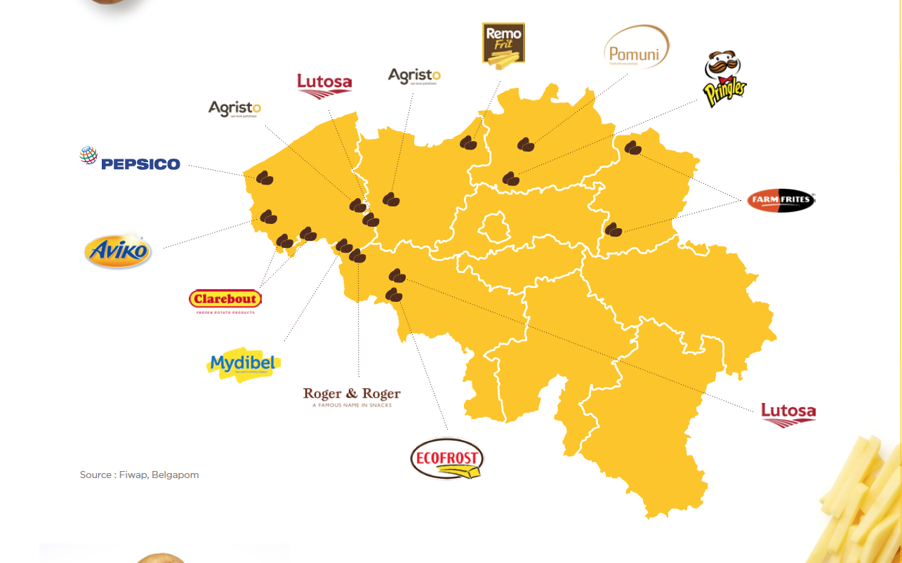 En termes de transformation de la pomme de terre, la Belgique regroupe une vingtaine d’entreprises très dynamiques dont les plus importantes sont établies en Wallonie. Cette activité de transformation valorisant les pommes de terre de chez nous connait une croissance régulière depuis 20 ans et permet de produire : 2 millions de tonnes de frites par an ; ± 500.000 tonnes par an de divers autres produits tels que les chips, purées, croquettes, flocons. La Belgique est devenue récemment le premier exportateur mondial de produits à base de pommes de terre. Les frites belges se vendent dans plus de 150 pays à travers le monde. La valeur des exportations dépasse les 2 milliards d’euros par an (pour la Belgique).
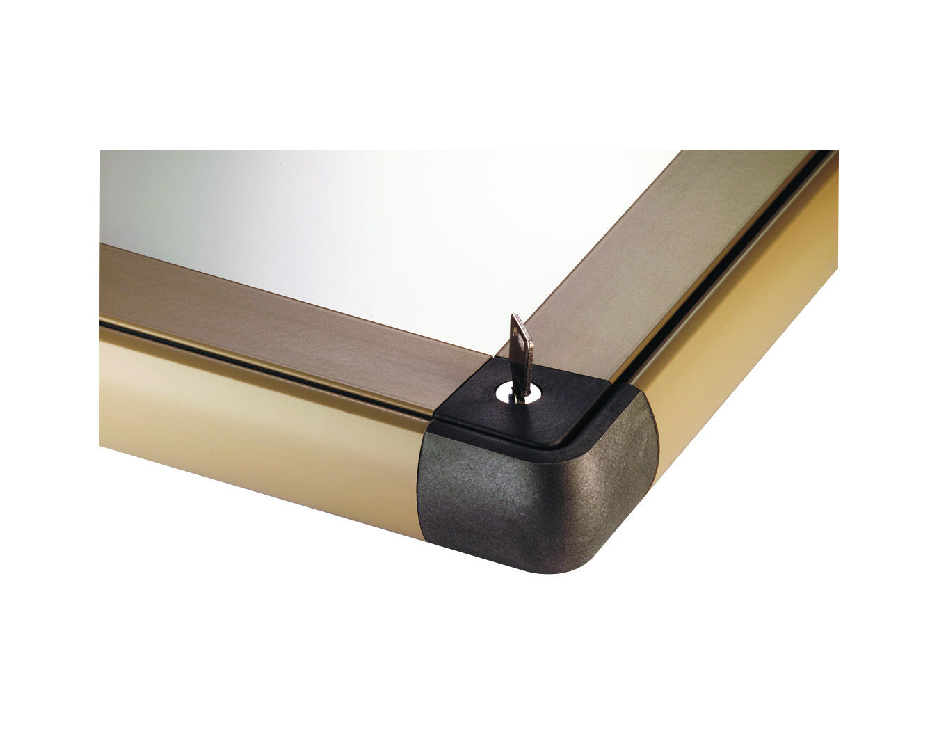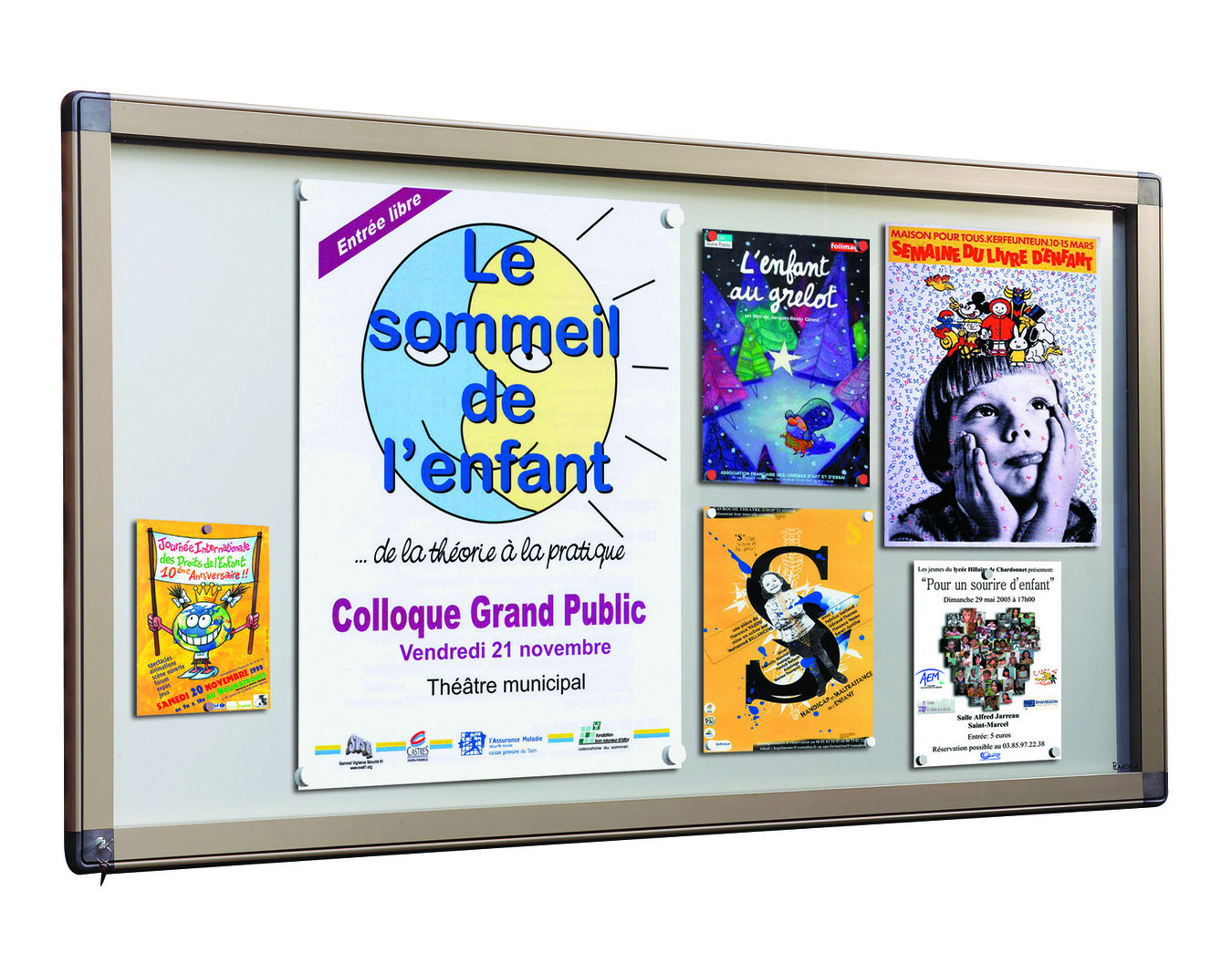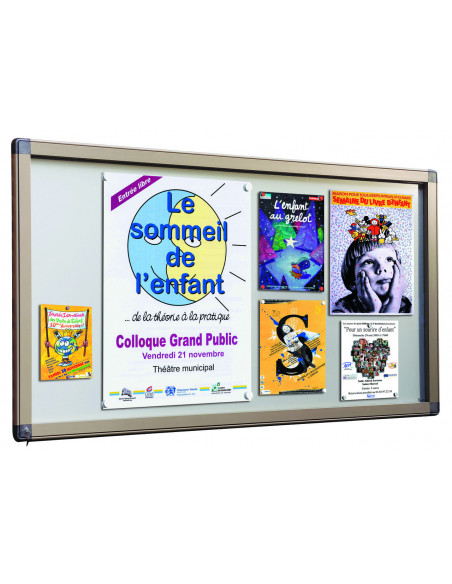 Vitrine d'affichage extérieur grand format. Encadrement en aluminium anodisé naturel ou alu laqué polyester (voir nuancier) avec coins arrondis coloris gris RAL 9023. Étanchéité assurée par un...
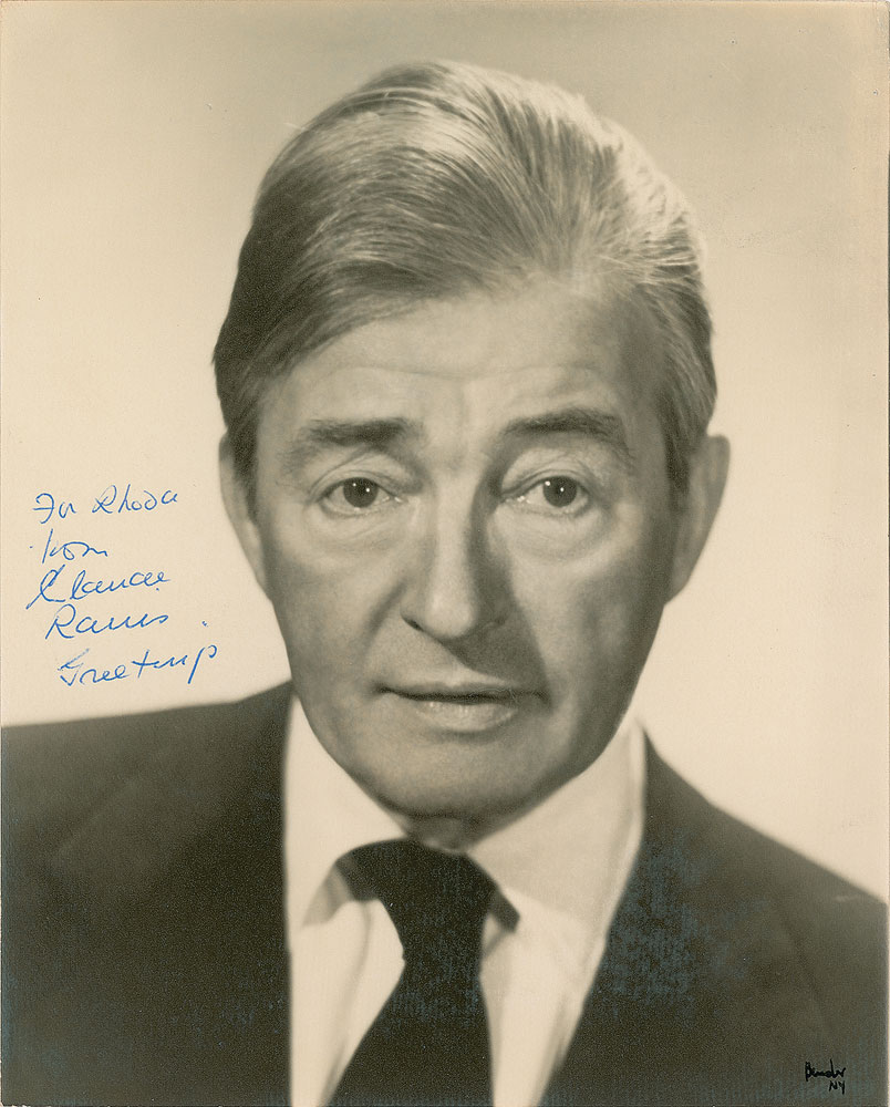 Handsome matte-finish 8 x 10 photo of Rains in a suit and tie, signed and inscribed in blue ballpoint, "For Rhoda, from Claude Rains, Greetings.” In fine condition. From the Harvey and Rhoda Kuflik Collection.
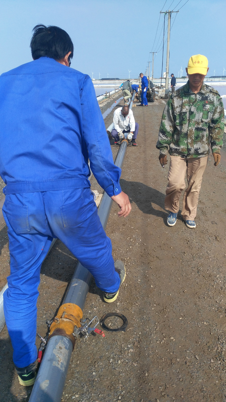為節(jié)省扒鹽管道拆、裝時間,提高扒鹽速度,減輕扒鹽人員負(fù)荷,6月11日上午機電服務(wù)公司新制快接管道在埒南制鹽公司11班進(jìn)行現(xiàn)場實踐。他們放棄休息日,制作人員全員參與,市勞模王緒華、一星級員工程洪連、黨員楊軍,他們個個不怕臟和累,經(jīng)過一個多小時操作,管道安裝結(jié)束,在幾次調(diào)試后,扒鹽機組運行正常。該快速接頭優(yōu)點是安裝、拆解快捷,節(jié)約成本,不足是皮墊易漏鹵。通過此次試運行,對不足之處,該公司將繼續(xù)研究,爭取早日投入鹽業(yè)生產(chǎn),創(chuàng)造效益。(機電服務(wù)公司)
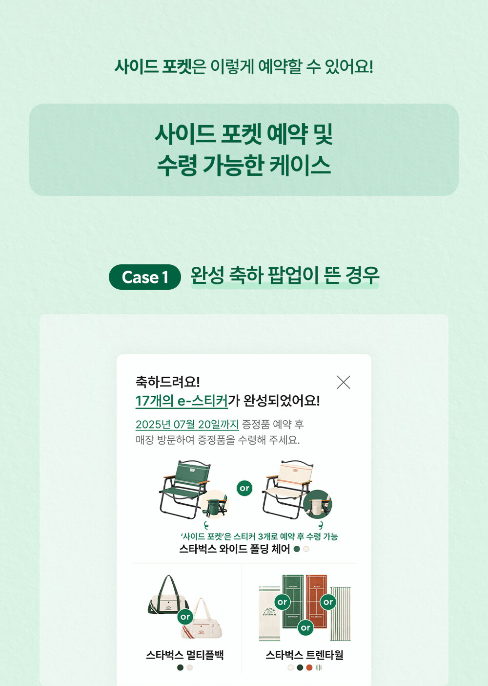 - 프리퀀시 완성 후 음료 3잔 추가 구매 시 사이드 포켓 예약 가능
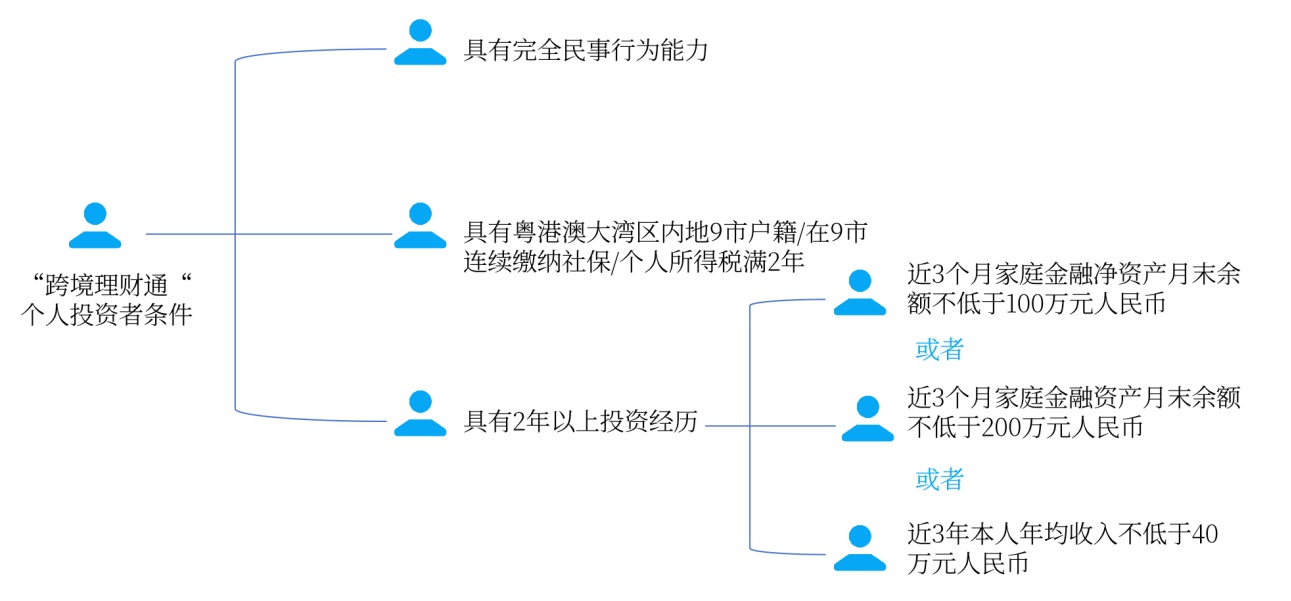 个人投资者首先要明确知道合格投资者的准入条件,根据中国人民银行广东省分行、中国人民银行深圳市分行、国家金融监督管理总局广东监管局等六个单位印发的《粤港澳大湾区“跨境理财通”业务试点实施细则》,开展“南向通”业务的内地投资者需满足以下条件:
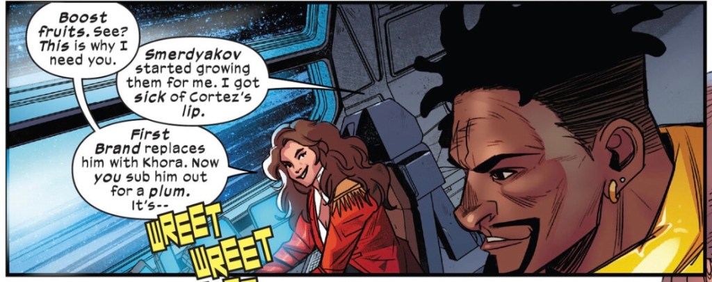 ‘Boost fruits’ I understand from the previous page. (Abigail) Brand I know, ‘Cortez’ is likely Fabian Cortez, who I remember as a name in a villain team. But who the heck are ‘Smardyakov’ and ‘Khora‘? Orlando likely intends the dialogue as throwaway texture, but it’s offputting. When I was a kid you could jump into a series such as the X-Men, or Legion of Super-Heroes, wonder about the occasional unfamiliar names sprinkled in, and enjoy finding out who these people were in time. With current X-books, though, there are far too many references to offstage folk.
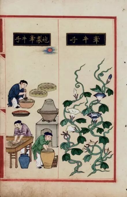 2005年由上海辞书出版社出版的明代孤本《补遗雷公炮制便览》(14卷),更是一本绘画精彩的图谱。它收录药物近千种,配图1162幅。这些图画出自宫廷画家之手,风格细腻,色彩绚丽,是我国古代插图史中的极品。图2是该书的《牵牛子》图,分左右页。右页为一年生缠绕草木牵牛花,叶呈心脏形,通常为3裂,秋季开花,花白色呈漏斗状。其子称牵牛子,入药,性寒,有逐水消积的作用。左页为牵牛子炮制图,图中3名药工分别在杵药、研药、淘药,各就各位,展示了古代炮制药物的主要手段和工具。图中人物神态维妙维肖、栩栩如生,重现了400年前制药铺子的忙碌。
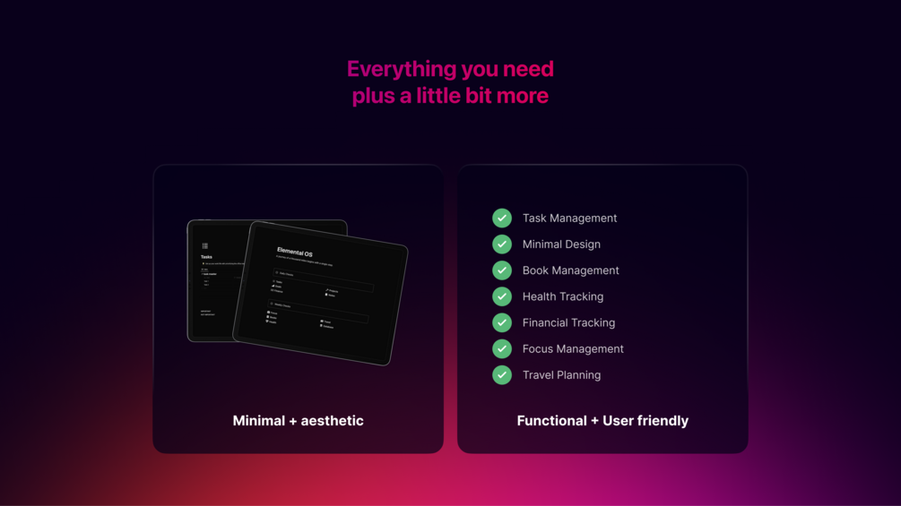 Tired of juggling multiple templates from various sources to make your notion work for you? Look no further. Elemental OS is the solution you've been searching for. With all the essential tools for daily life management and tracking, it saves you time, increases productivity, and promotes a sense of balance and calm.
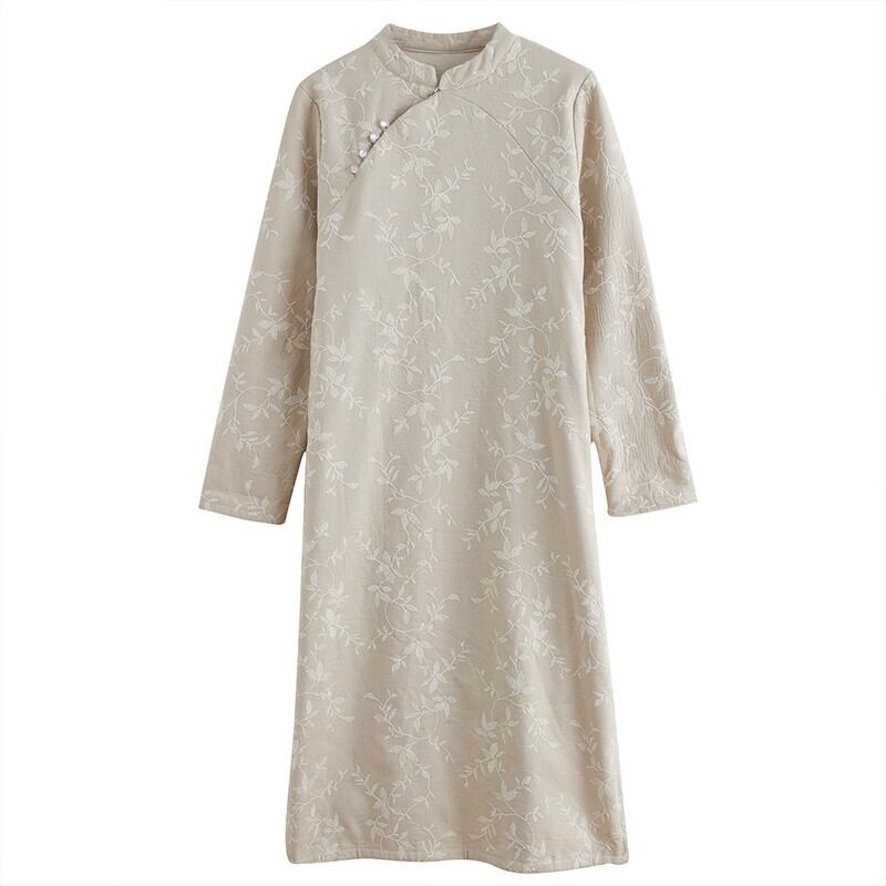 ディスカウント ストア ショッピング モールの女性の中国風花柄チャイナ ロング スカートとベルベットの厚みのある綿とリネンの長袖ドレス コットン sine27104240298
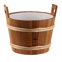 Шайки для бани изготовлены из древесины, с добавлением пластикового или металлического вкладыша. Это необходимо, чтобы конструкция не рассохлась и не разбухла. Место для установки ведра выбирается индивидуально. Это может быть вход в баню или помывочное помещение.
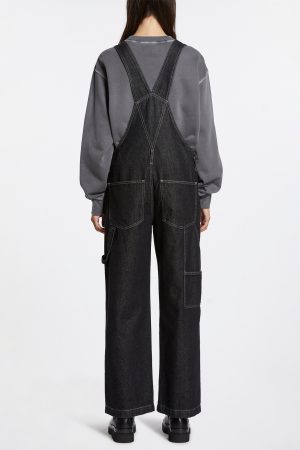 Relaxed fit overall adjustable shoulder straps. wide straight legs and full length. Has faux front fly topstitch details and tack button closures on both sides. Made from a premium European rigid denim in raw black. It features contrast topstitching and Ksubi branding.
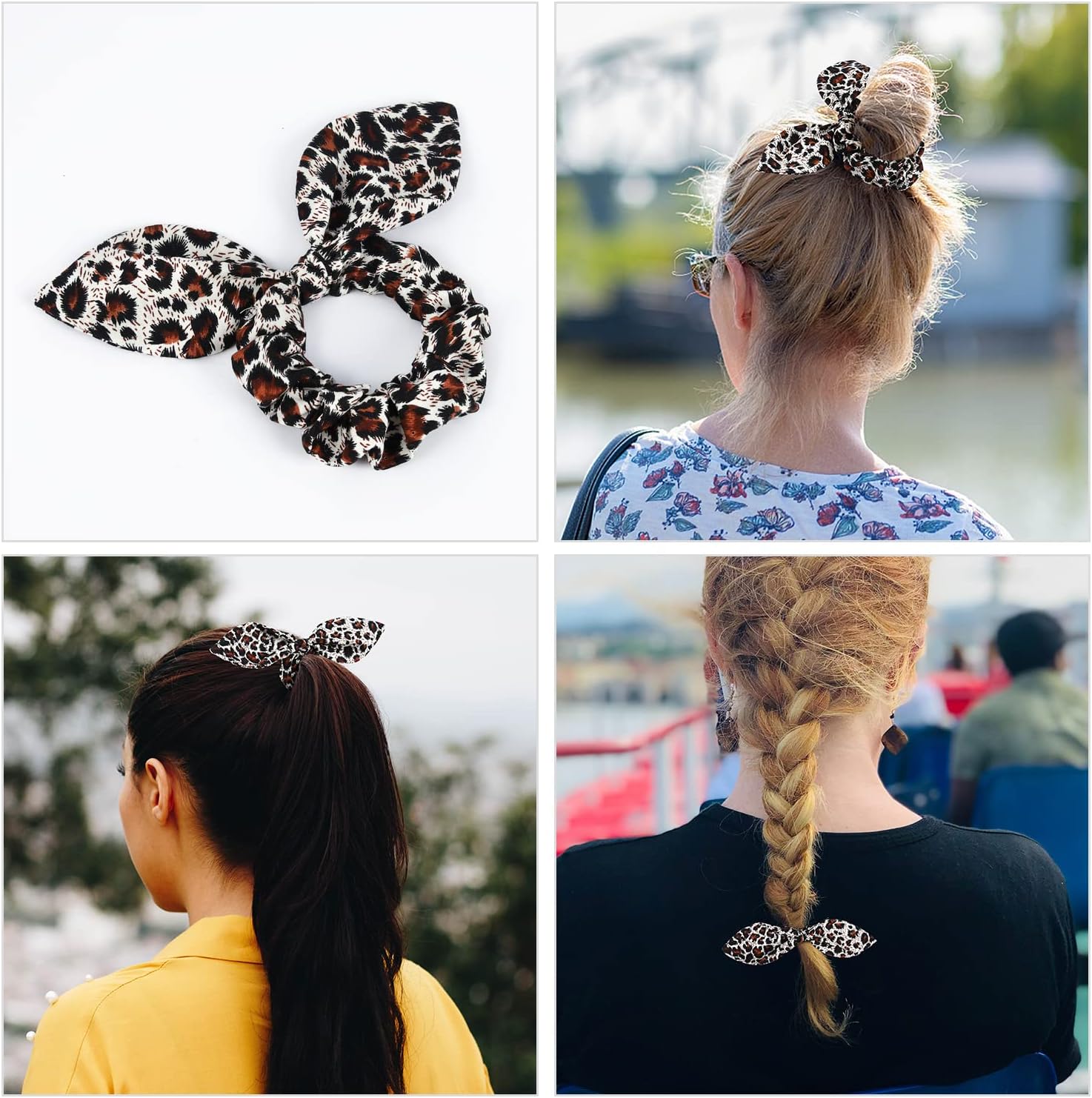 - Matching Bandana and Scrunchie Set- It’s full of love when your pets is wearing the animal print dog scarf and you are wearing the headband. When traveling, sleeping, taking photos or daily walking, adorable cheetah print puppy bandana and scrunchie is a pretty daily accessories. The scrunchie can be worn as a wrist accessory, and as a hairband to hold your hair. Beautiful bohemian dog bandana matching human scrunchies with brown, black and beige print pattern, it’s nice photo props.

= = = = =

> [EXERCISE DESCRIPTION]
Word for word, restate the lines above from the one with "Handsome matte-finish 8" through the one with "to offstage folk.", keeping both ends and dropping the pictures.

> [PROBLEM SOLUTION]
 Handsome matte-finish 8 x 10 photo of Rains in a suit and tie, signed and inscribed in blue ballpoint, "For Rhoda, from Claude Rains, Greetings.” In fine condition. From the Harvey and Rhoda Kuflik Collection.
為節(jié)省扒鹽管道拆、裝時間,提高扒鹽速度,減輕扒鹽人員負(fù)荷,6月11日上午機電服務(wù)公司新制快接管道在埒南制鹽公司11班進(jìn)行現(xiàn)場實踐。他們放棄休息日,制作人員全員參與,市勞模王緒華、一星級員工程洪連、黨員楊軍,他們個個不怕臟和累,經(jīng)過一個多小時操作,管道安裝結(jié)束,在幾次調(diào)試后,扒鹽機組運行正常。該快速接頭優(yōu)點是安裝、拆解快捷,節(jié)約成本,不足是皮墊易漏鹵。通過此次試運行,對不足之處,該公司將繼續(xù)研究,爭取早日投入鹽業(yè)生產(chǎn),創(chuàng)造效益。(機電服務(wù)公司)
 - 프리퀀시 완성 후 음료 3잔 추가 구매 시 사이드 포켓 예약 가능
 个人投资者首先要明确知道合格投资者的准入条件,根据中国人民银行广东省分行、中国人民银行深圳市分行、国家金融监督管理总局广东监管局等六个单位印发的《粤港澳大湾区“跨境理财通”业务试点实施细则》,开展“南向通”业务的内地投资者需满足以下条件:
 ‘Boost fruits’ I understand from the previous page. (Abigail) Brand I know, ‘Cortez’ is likely Fabian Cortez, who I remember as a name in a villain team. But who the heck are ‘Smardyakov’ and ‘Khora‘? Orlando likely intends the dialogue as throwaway texture, but it’s offputting. When I was a kid you could jump into a series such as the X-Men, or Legion of Super-Heroes, wonder about the occasional unfamiliar names sprinkled in, and enjoy finding out who these people were in time. With current X-books, though, there are far too many references to offstage folk.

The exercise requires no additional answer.